** Data extract follows **

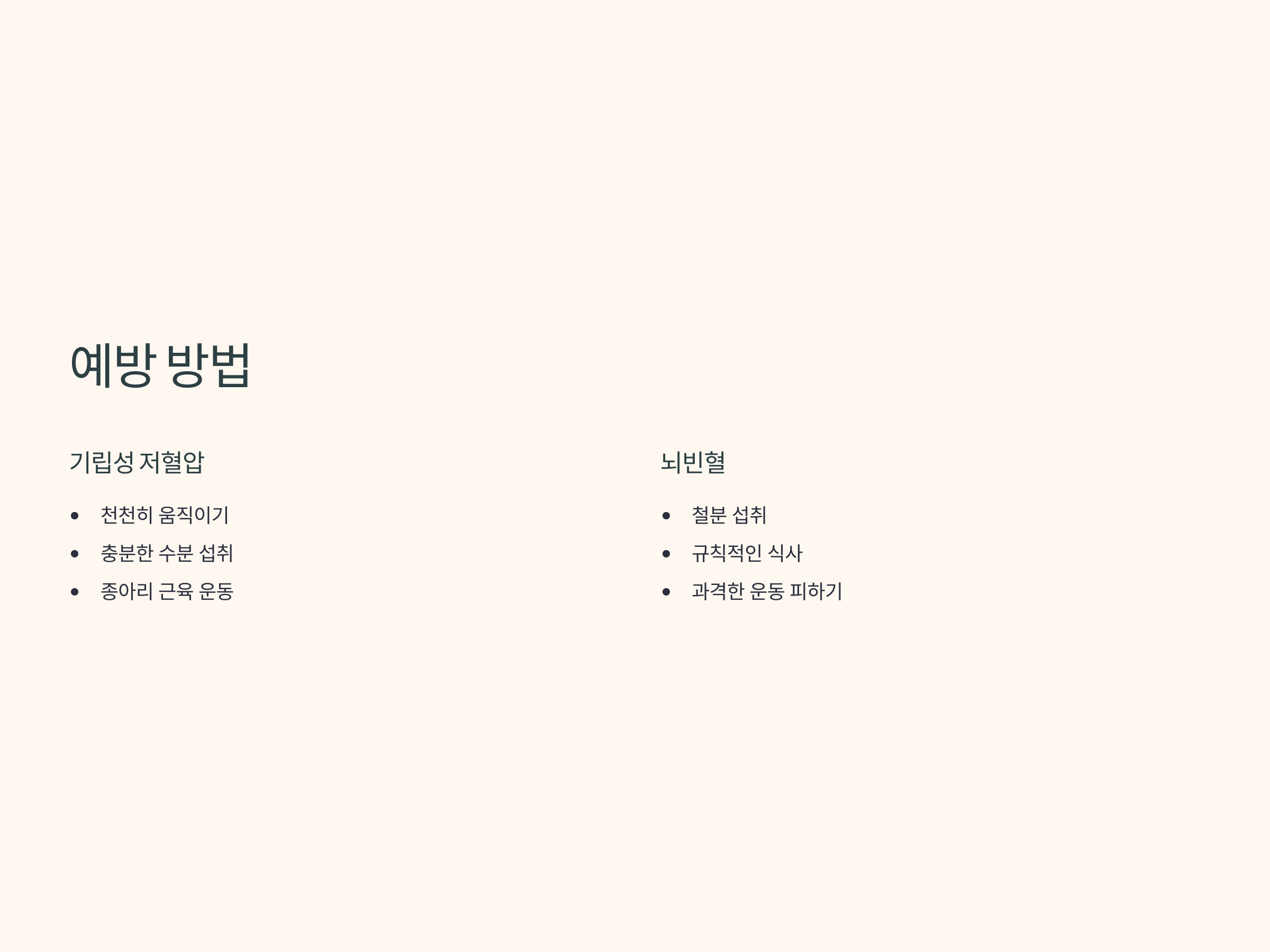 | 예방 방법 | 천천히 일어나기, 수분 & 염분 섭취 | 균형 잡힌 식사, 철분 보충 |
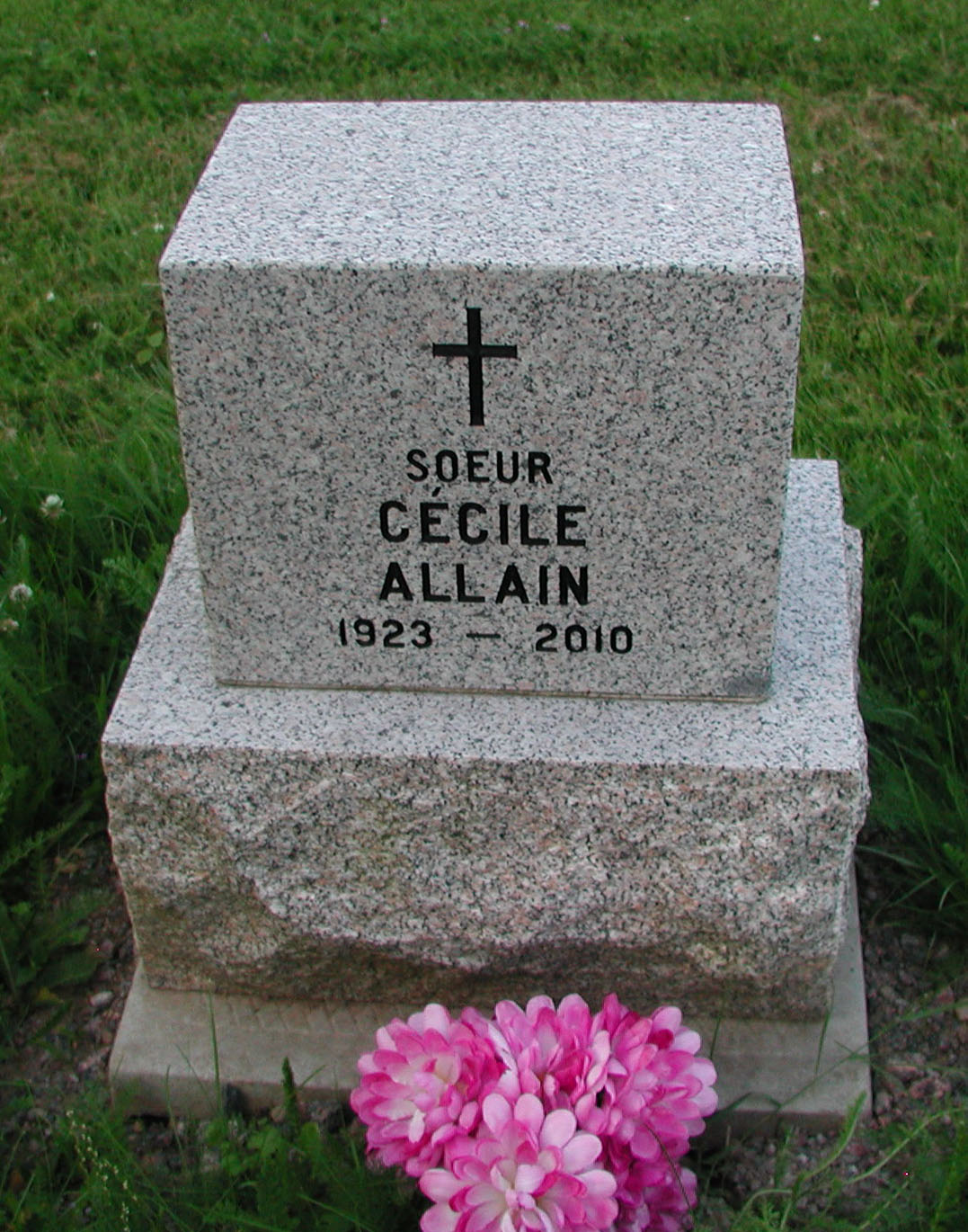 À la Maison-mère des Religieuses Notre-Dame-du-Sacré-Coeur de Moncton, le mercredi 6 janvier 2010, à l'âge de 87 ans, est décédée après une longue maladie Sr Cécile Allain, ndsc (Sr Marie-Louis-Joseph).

** End of Data extract **
** Data extract follows **

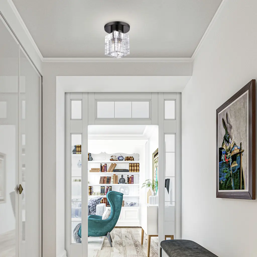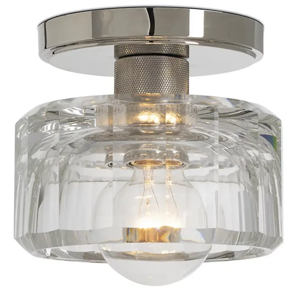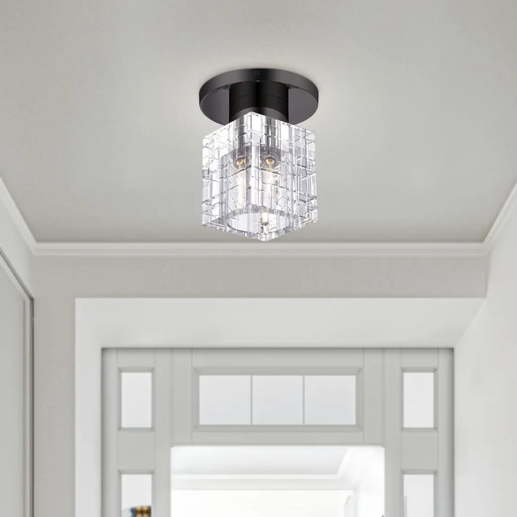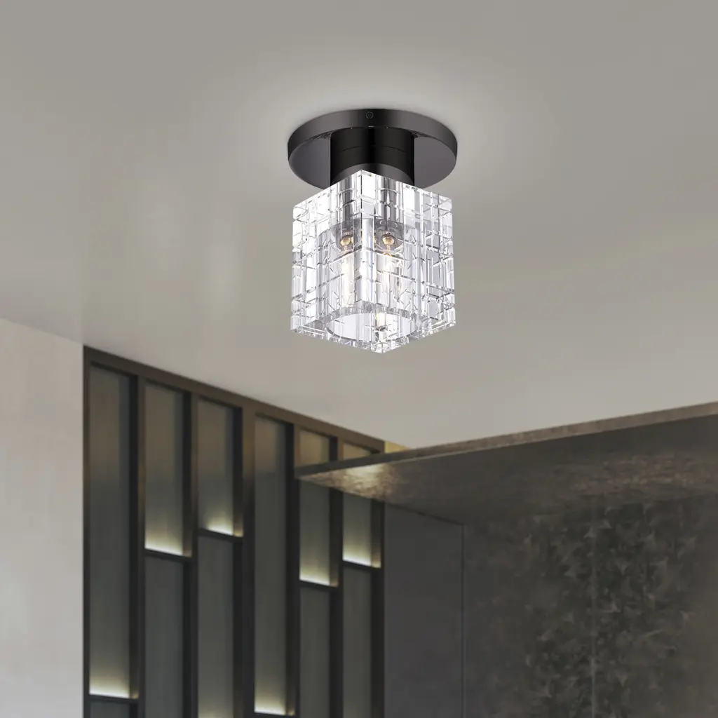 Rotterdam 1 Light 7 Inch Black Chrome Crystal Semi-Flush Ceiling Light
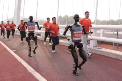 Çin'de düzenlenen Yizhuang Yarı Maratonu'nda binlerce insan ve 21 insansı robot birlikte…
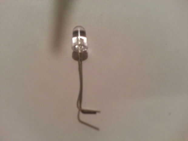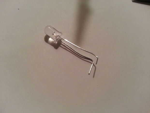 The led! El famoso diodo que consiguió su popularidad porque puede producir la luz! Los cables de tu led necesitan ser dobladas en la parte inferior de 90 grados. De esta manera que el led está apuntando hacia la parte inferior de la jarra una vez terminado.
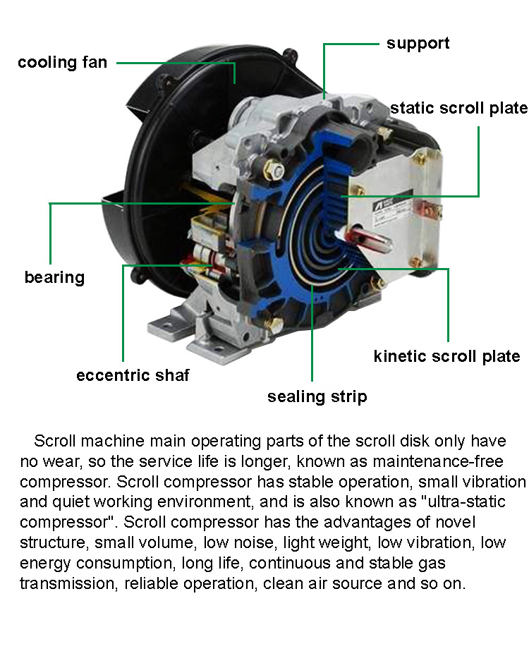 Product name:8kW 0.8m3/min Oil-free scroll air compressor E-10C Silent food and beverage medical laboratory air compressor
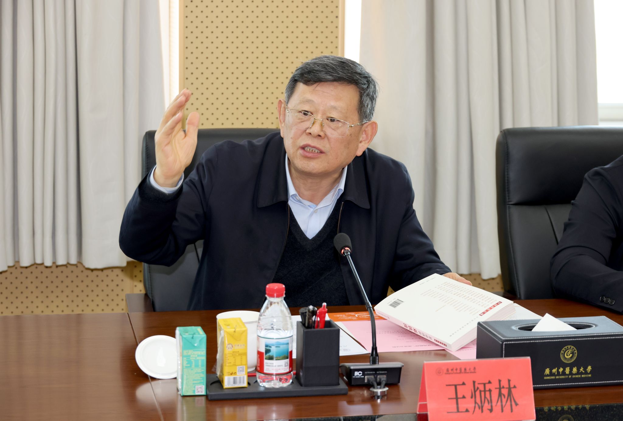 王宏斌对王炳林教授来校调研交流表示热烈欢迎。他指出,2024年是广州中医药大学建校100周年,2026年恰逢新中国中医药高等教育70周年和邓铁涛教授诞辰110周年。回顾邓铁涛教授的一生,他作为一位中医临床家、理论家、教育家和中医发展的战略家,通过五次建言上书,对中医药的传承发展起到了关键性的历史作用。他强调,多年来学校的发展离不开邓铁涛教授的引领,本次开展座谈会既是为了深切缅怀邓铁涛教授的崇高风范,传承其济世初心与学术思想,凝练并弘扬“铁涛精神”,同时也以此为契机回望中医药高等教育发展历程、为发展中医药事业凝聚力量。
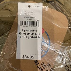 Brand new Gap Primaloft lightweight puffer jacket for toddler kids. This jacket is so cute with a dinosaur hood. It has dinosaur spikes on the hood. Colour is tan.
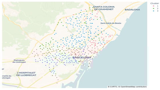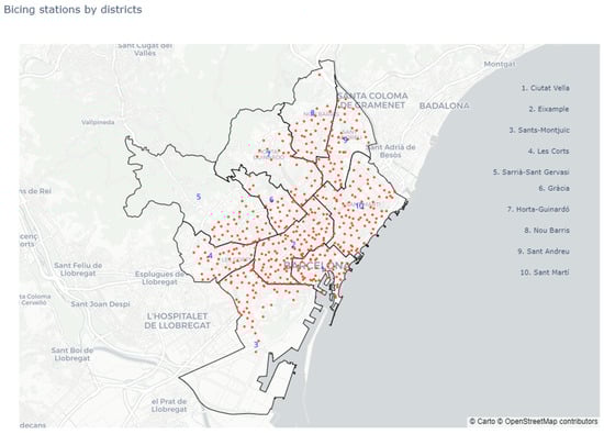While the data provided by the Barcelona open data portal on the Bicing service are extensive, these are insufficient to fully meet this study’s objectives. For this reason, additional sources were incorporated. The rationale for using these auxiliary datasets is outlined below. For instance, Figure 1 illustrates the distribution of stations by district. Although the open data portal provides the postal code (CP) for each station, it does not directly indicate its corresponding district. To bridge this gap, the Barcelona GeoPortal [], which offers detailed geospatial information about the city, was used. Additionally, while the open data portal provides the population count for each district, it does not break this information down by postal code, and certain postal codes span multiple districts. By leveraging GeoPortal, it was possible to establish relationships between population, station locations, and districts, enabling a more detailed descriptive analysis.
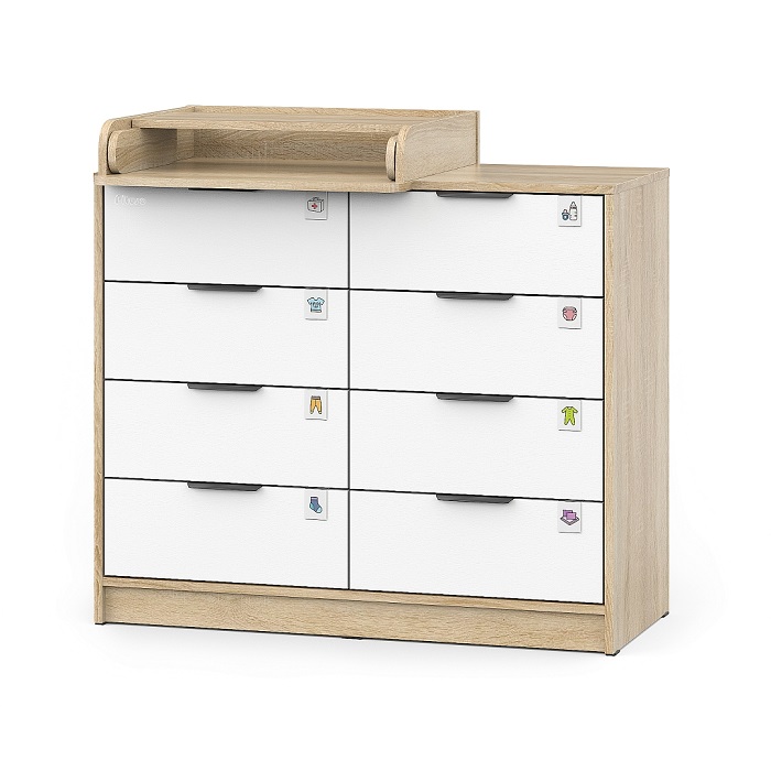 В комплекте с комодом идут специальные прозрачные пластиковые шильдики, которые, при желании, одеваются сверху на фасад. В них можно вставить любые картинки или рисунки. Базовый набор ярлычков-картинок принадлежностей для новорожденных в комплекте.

** End of Data extract **

◆ The problem
Your task is to copy only the lines above starting at the one containing "Rotterdam 1 Light" and ending at the one containing "Brand new Gap". Copy them exactly, both ends included, and omit the pictures.

◆ Worked solution
 Rotterdam 1 Light 7 Inch Black Chrome Crystal Semi-Flush Ceiling Light
 Çin'de düzenlenen Yizhuang Yarı Maratonu'nda binlerce insan ve 21 insansı robot birlikte…
 The led! El famoso diodo que consiguió su popularidad porque puede producir la luz! Los cables de tu led necesitan ser dobladas en la parte inferior de 90 grados. De esta manera que el led está apuntando hacia la parte inferior de la jarra una vez terminado.
 Product name:8kW 0.8m3/min Oil-free scroll air compressor E-10C Silent food and beverage medical laboratory air compressor
 王宏斌对王炳林教授来校调研交流表示热烈欢迎。他指出,2024年是广州中医药大学建校100周年,2026年恰逢新中国中医药高等教育70周年和邓铁涛教授诞辰110周年。回顾邓铁涛教授的一生,他作为一位中医临床家、理论家、教育家和中医发展的战略家,通过五次建言上书,对中医药的传承发展起到了关键性的历史作用。他强调,多年来学校的发展离不开邓铁涛教授的引领,本次开展座谈会既是为了深切缅怀邓铁涛教授的崇高风范,传承其济世初心与学术思想,凝练并弘扬“铁涛精神”,同时也以此为契机回望中医药高等教育发展历程、为发展中医药事业凝聚力量。
 Brand new Gap Primaloft lightweight puffer jacket for toddler kids. This jacket is so cute with a dinosaur hood. It has dinosaur spikes on the hood. Colour is tan.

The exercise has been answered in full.